A tax sale is the forced sale of property (usually real estate) by a governmental entity for unpaid taxes by the property's owner.

The sale, depending on the jurisdiction, may be a tax deed sale (whereby the actual property is sold) or a tax lien sale (whereby a lien on the property is sold) Under the tax lien sale process, depending on the jurisdiction, after a specified period of time if the lien is not redeemed, the lienholder may seek legal action which will result in the lienholder either automatically obtaining the property, or forcing a future tax deed sale of the property and possibly obtaining the property as a result.

==General==
The governmental entity can be any level of government that can assess and collect property taxes or other governmental debt, such as counties (parishes, in the case of Louisiana), cities, townships (in New England and other jurisdictions), and school districts (in places where they are independent of other governmental jurisdictions, such as in Texas).

State law offers the governmental entity a method of collecting its tax on the property without financially binding the nonpaying person or business, by placing a lien on the property which, if not paid, will result in future cost during a specified grace period wherein, to recover the property, the owner can be charged interest and/or penalties as well as other costs; and if completely non-paid, ultimately the seizure and selling of the property.
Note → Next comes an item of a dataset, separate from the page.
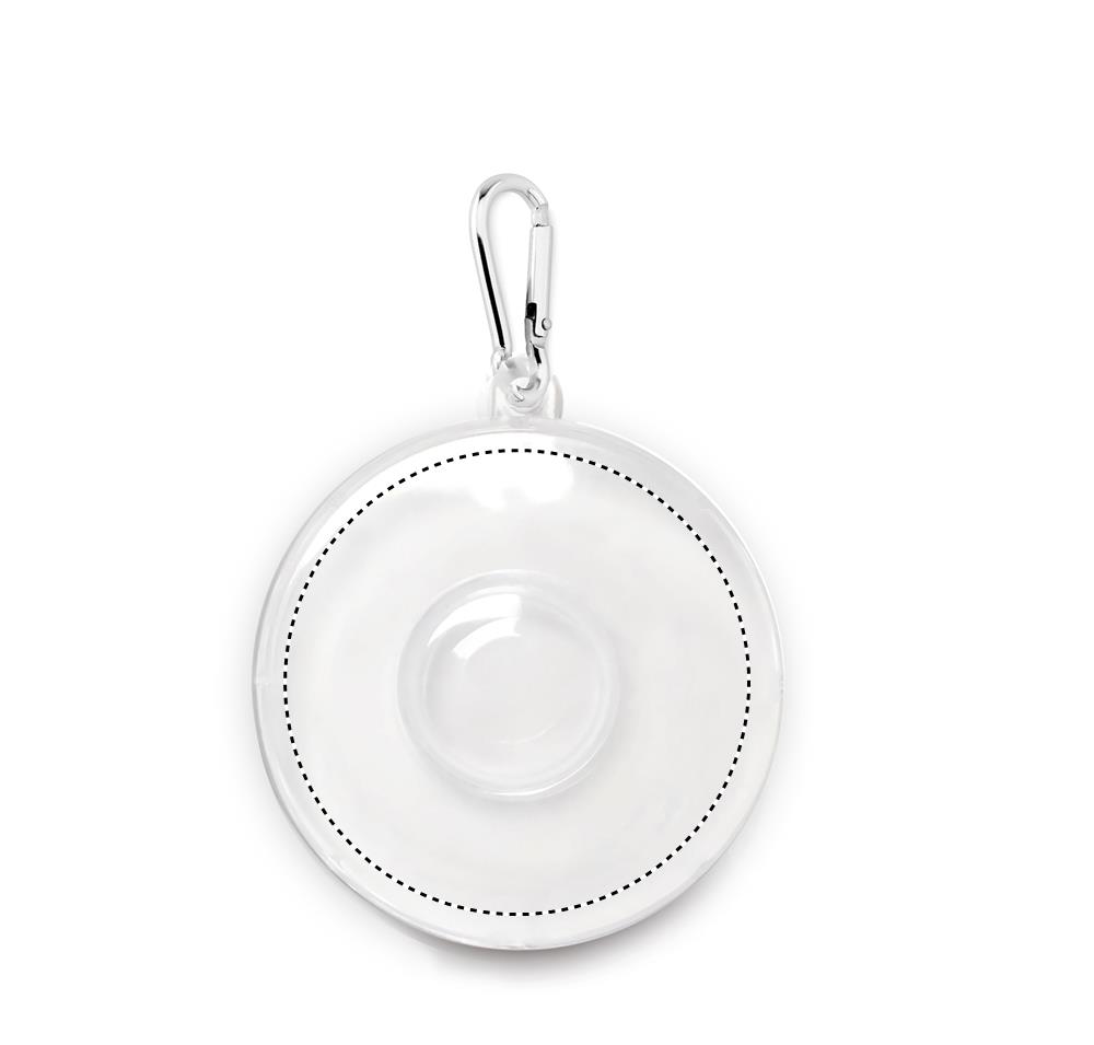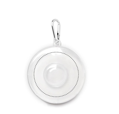 Taitettava silikonikuppi, pillerisäiliöllä ja karabiinikoukulla.

In most places in the US, a tax lien takes priority, eclipsing other liens such as mortgages.

The requirements to begin the foreclosure process (and to avoid it) must be strictly followed; otherwise, the property owner will lose all rights to the property (or the governmental entity will lose its right to collect the outstanding debt). Common requirements include:
- sending a letter by certified or registered mail to any and all owners of record as shown on the entity's records (some jurisdictions require an attempt at personal service), as well as to any person shown as having a mortgage, lien, or "other interest" in the property,
- placing a public notice in a newspaper designated to publish legal notices,
- posting notice at the local courthouse or other public place designated for official notices, and/or
- posting notice on the property itself in such a place and manner that it is visible to the public (such as the outside of an exterior door, or a sign on the property if it is unimproved).

Once the process begins, the property owner can still avoid foreclosure by paying the amount owed plus interest, penalties, and/or other costs or fees. The amounts can end up being quite high if the process is well under way. Even after foreclosure, in some jurisdictions the owner can still recover the property by paying the amounts owed (plus additional interest/penalties/costs) within a specified time. Alternatively, the owner can file suit to have the sale set aside on grounds that the requirements were not followed (such as proper notice not given).

==Sales==
Two main methods are used to capture delinquent real property tax: the tax deed sale and the tax lien sale.
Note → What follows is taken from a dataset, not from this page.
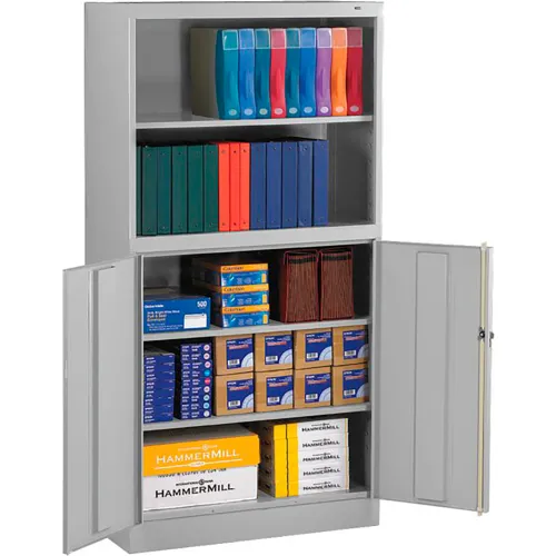 Tennsco® Heavy Duty Storage Cabinet with Bookcase, 24 Gauge, 36"W x 18"D x 72"H, Light Gray

Both methods operate using an auction method. The title, not the property is up for auction at a tax lien or deed sale, the property may or may not be salable. Traditionally, the auctions have been live events held at the county courthouse or another designated official location. However, online auctions have increased in usage. There are various auction bidding methods used to determine final sale, the method and the terms of sale vary by county for each county in every state. Each county will advertise that no tax sale is risk-free since all title and certificates on property are sold 'as is' with no warranties, and no expectation of clear title.

===Tax deed sale===
In a tax deed sale, the title to each property is sold.

At the sale, the minimum bid is generally the amount of back taxes owed plus interest, as well as costs associated with selling the property. Often the purchaser making the highest bid for the property takes title. However, the purchaser must follow each county's rules, which vary widely, and usually have a very short period (generally 48–72 hours, or much less) to pay the entire amount owed, or else the sale is invalidated and usually the auction deposit is lost.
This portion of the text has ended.